Until European travel becomes fully open to North Americans, here’s a reminder of the fun that awaits us in Europe.
Submerged in a mucky peat brine, it occurs to me that this must be the strangest bath I have ever taken.
I’m in the well-preserved Czech spa town of Třeboň. I’ve decided to supplement my intense time in touristy Prague by venturing south, deeper into the Czech countryside.
Třeboň’s biosphere of artificial lakes dates back to the 14th century. Over the years, people have transformed what was a flooding marshland into a clever combination of lakes, oak-lined dikes, wild meadows, Baroque villages, peat bogs, and pine woods. Rather than unprofitable wet fields, they wanted ponds that swarmed with fish — and today Třeboň remains the fish-raising capital of the Czech Republic.
People come from near and far to soak in Třeboň’s black, smelly peat sludge, thought to cure aching joints and spines. Envisioning the elegance of the baths I’ve experienced in German spa towns, I decided to give it a whirl.
My masseuse points to my room and mimes undressing. She’s impatient, anxious to get started because the peat muck only flows at the top of the hour. I climb into the stainless-steel tub, she pulls a plug, and I quickly disappear under a rising sea of gurgling sawdust soup. My toes look cute poking out of the hot brown muck.

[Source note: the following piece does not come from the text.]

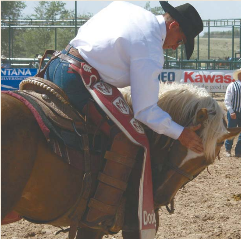
All rodeo livestock, including this pickup horse, are valuable to their owners and receive the highest standard of care.

When we finish, I stand up in the tub and she showers off the sludge, then ushers me into the massage room, where she has me lie face down. It feels like a nurse’s office with a pile of dirty sheets stacked in the corner. She tells me I’m getting a “hand massage.” That sounds redundant at best…kinky at worst. Later I learn that’s literally what massages are called in Czech (ruční masáž).
Finished with my hand massage, I get dressed. Alone and still covered in greasy oil, I head out to meet my local friend, Honza, at dinner. When you come to Třeboň, he says, “You have to try the fish.” We order all the appetizers on the menu — a good trick when trying to sample another culture’s cuisine. There’s “soused” (which must mean “pickled”) herring, fried loach, “stuffed carp sailor fashion,” cod liver, pike caviar, and something Honza translates as “fried carp sperm.” As we eat, I notice that the writing on my beer glass says, “Bohemia Regent anno 1379.” It occurs to me that I’m consuming exactly what people have been eating here for 600 years: fried carp sperm from the nearby reservoir, washed down with the local brew.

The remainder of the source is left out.